Charlie smiled. Andy’d been working on that Spock Eyebrow for most of the summer. He was getting pretty good at it, too. “For a mission of grave importance.”
“Oh?”
“A mission to find evidence that Mister Bill did indeed apprehend the Triple Six Slasher in the old sawmill.”
“So, we’re going to see Mister Bill?”
“Nope.” Charlie shook his head. “Going to go see what’s in the old sawmill. Bet we can find some bullets or some blood or something.”
“What for?”
“Jackass is saying Mister Bill’s a liar. Saying he’s just telling stories.”
“Dad says Mister Bill’s the real deal. Said he knew a few guys like him in ‘Nam.” Andy said the last word in a reverent half whisper.
“Yeah?”
“Yep,” Andy nodded.
“Well, Jackson doesn’t believe me.”
“You sure about this?”
“Where else are we gonna find proof?”
“Okay,” Andy returned to sweeping. “What are we telling my dad?”
“About?”
“About what we’re doing, where we’re going?”
“Tell him we’re going bike riding,” Charlie said. “Leave it at that.”
“I don’t like lying to my dad.”
“We aren’t telling him any lies.” Charlie put a conspiratorial arm around Andy’s shoulders. “We just aren’t telling him everything we’re doing. Besides, he might not even ask.”
***
The old sawmill loomed large at the juncture of Spruce and Buck canyons. It sat precisely where the two-lane blacktop heading up Buck Creek canyon toward Crawford Springs turned into washboarded gravel.
That old sawmill was the entire reason for the paving in the first place, if you cared to listen to any of the old timers. Shut down long before Charlie’s momma was born, the sawmill served as the setting for ghost stories and urban legends among Charlie and his friends. Especially after they heard Mister Bill’s story about the Triple Six Slasher.
Charlie and Andy sat astride their bikes and stared at the weathered siding, faded to the color of dirt. The plywood sheeting that covered the windows and doors, though somewhat newer, was in a similar state, splintering and peeling at the edges.
“Wonder how the Slasher got in there with it all boarded up like that?” Andy asked.

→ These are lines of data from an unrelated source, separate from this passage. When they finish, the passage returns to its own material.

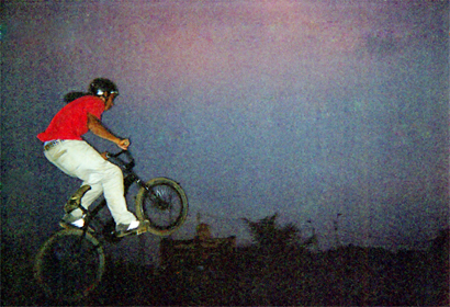 Un joven realiza un salto en una bicicleta tipo cross. Plano medio. Poca iluminación. Imagen tomada con flash.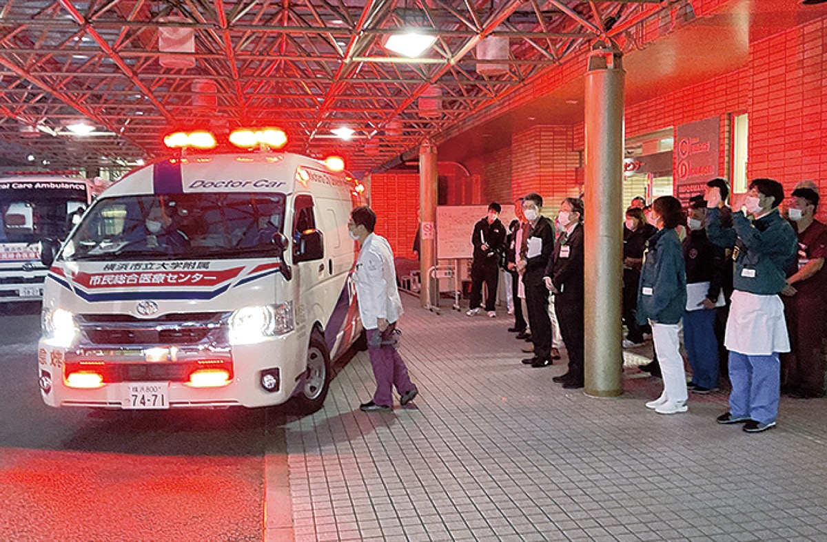 横浜市立大学附属市民総合医療センター=南区浦舟町=と同附属病院=金沢区=は1月11日、石川県からのDMAT(災害派遣医療チーム)の派遣要請を受け、珠洲市保健医療福祉調整本部に向けて出発した。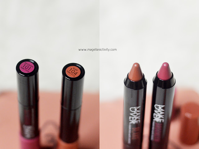 Make Over Color Stick Matte Crayon ini memiliki 5 shade bernuansa nude dengan tone yang bervariasi. Seneng akuloh jadi gampang kalo mau milih nude shade yang kira-kira bakal cocok di kulit akuuhh. Soalnya gue ini termasuk susah nyari warna nude yang cocok dari segi warna maupun formula. Dan gue cukup impressed dengan koleksi warnanya yang terbilang pas banget. Ada yang nude pucet, pinkish nude, brownish nude, peachy nude, bahkan warna brownish purple. Kebetulan gue dapat shade 101 Brooklyn dan 104 Blake yang merupakan warna tergelap di shade range-nya. Seneng banget karena sepertinya bakal cocok di skin tone gue yang medium-tan.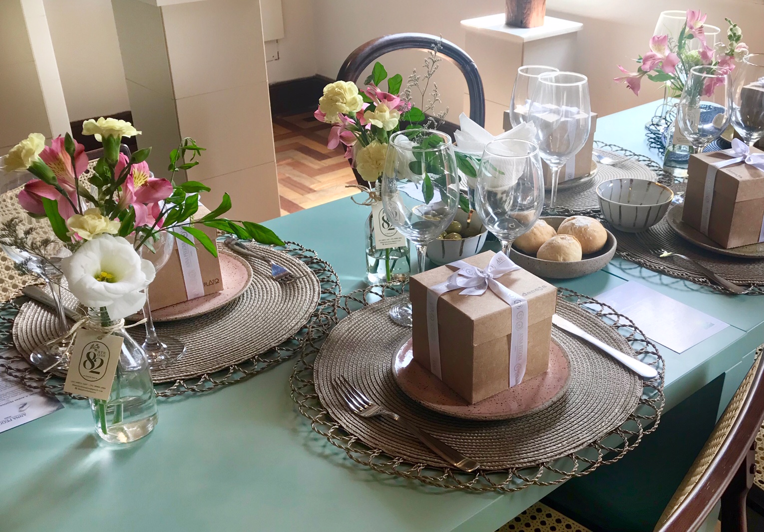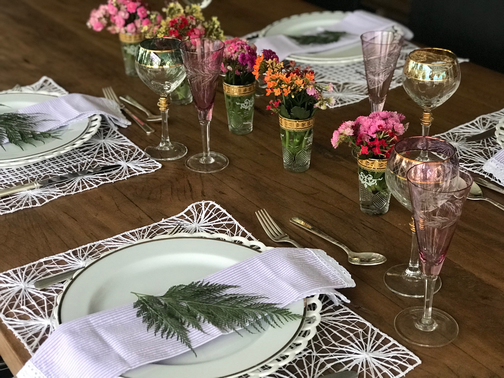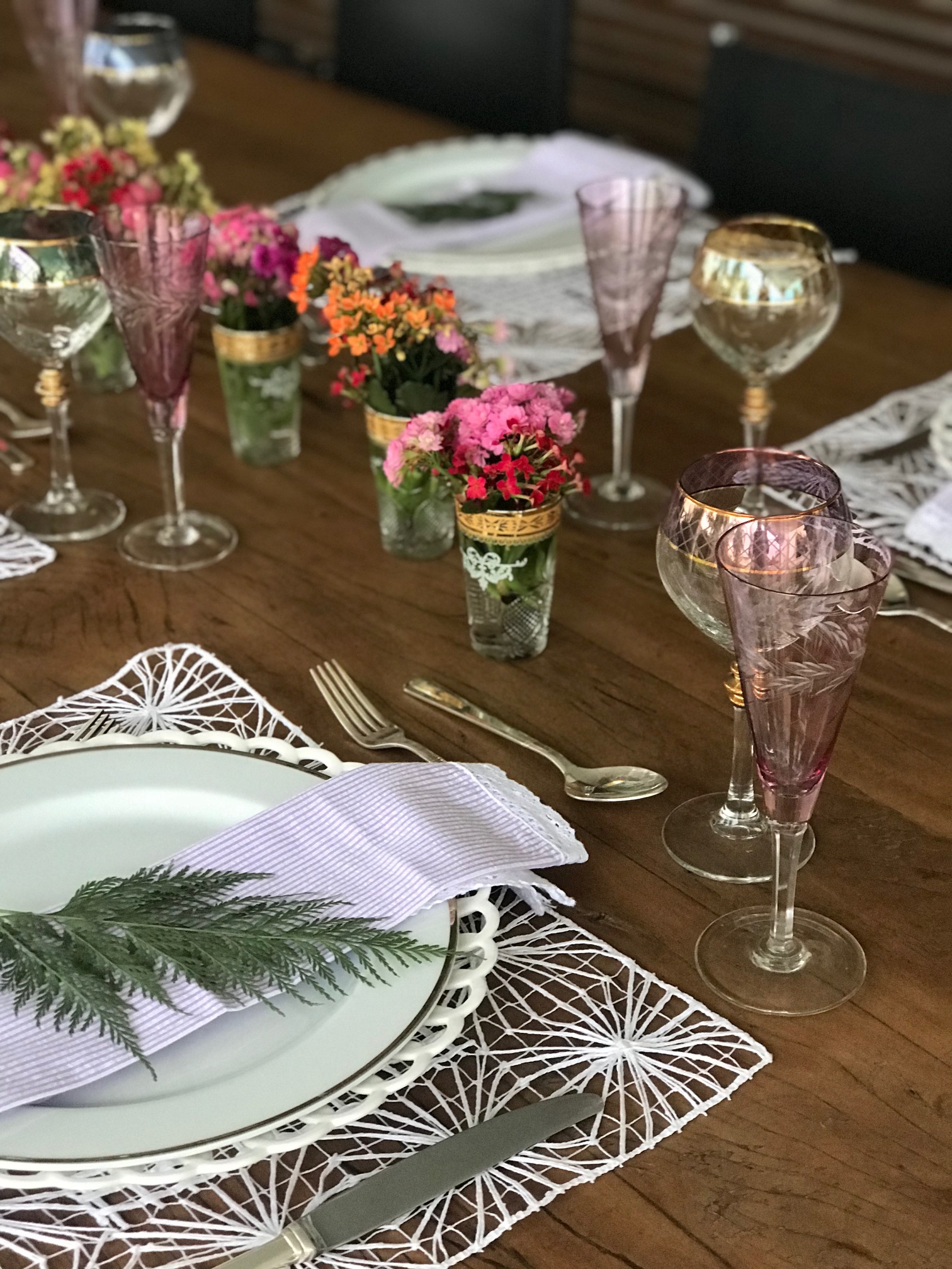 Exatamente dois dias depois desse almoço, recebi um casal em casa de improviso, mas quis passar essa mesma aura de leveza nessa mesa que montei a jato.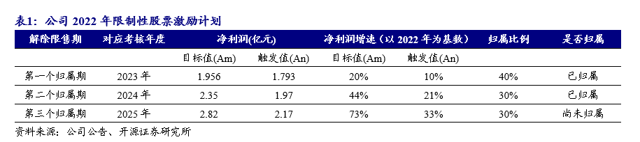 股权激励深度绑定核心骨干,高目标彰显增长信心。公司于2022年12月26日披露《2022年度限制性股票激励计划草案》,拟向激励对象授予限制性股票总量387.7万股,占草案公告日公司总股本的3.11%。初始授予价格为17.92元/股,经2023-2024 年权益分派调整后,最终授予价格确定为15.82元/股。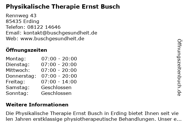 Branchen & Suchbegriffe zu Physikalische Therapie Ernst Busch:busch, ernst, physikalische, therapie |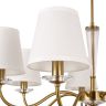 Металлическая арматура в двух оттенках на выбор: латунь и никель. Абажуры – текстиль белого цвета. Декоративные элементы из прозрачного стекла. Источник света – лампа с цоколем E14.

“I don’t think it was like this back then.” Charlie lifted his ball cap and scratched his head. The slight breeze felt pretty good after racing all the way from Andy’s house.
“Maybe,” Andy allowed. “When did Mister Bill catch him?”
“Spring of sixty-two.” Charlie did his best to mimic Mister Bill’s drawl. The old man had a voice like the inside of his ball glove. Smooth, soft, and well-worn.
“Geeze that’s twenty…”
“Twenty-five years, three months, and six days.” Charlie finished the math for Andy. He’d done it so many times it was like a running calendar in his head.
“Long time ago.”
“Yeah.” Charlie nodded in agreement. “Mister Bill said the Slasher was going in and out where the mill hangs out over the creek. Where they brought in the logs.”
“That how we’re getting in?”
“Nope.” Charlie pulled the backpack over his shoulder, unzipped it, and retrieved a small crowbar and a hammer he’d liberated from Momma’s tools. “We’ll just pull a couple boards off the window on the other side by the sawdust pile. Go in that way. Then on the way out we put the boards back.” He waggled the hammer.
***
“Where’s all the big saw blades and conveyor belts and stuff?” Andy wondered.
“Mister Bill said they were sold off not long after the mill closed down in the late Fifties.” Charlie let the anemic beam of his flashlight play over the inside of the old mill.
Here and there, dust motes, kicked up by their passage, drifted through the light’s wan beam and floated in the shafts of sunlight shining through gaps in the window boards. It smelled weird, sour, and musty; like old sawdust and axle grease.
“Are you sure we should be in here?”
“I need proof, Andy.” Charlie rounded on his friend. “I’m sick and tired of Jackson. He says Mister Bill’s a liar. Mister Bill says I should do what he does and ignore it. But I can’t Andy. I just can’t.”
“Okay.” Andy nodded. “Where do we start?”
“In the back where the old water wheel used to be.” Charlie pointed with his flashlight.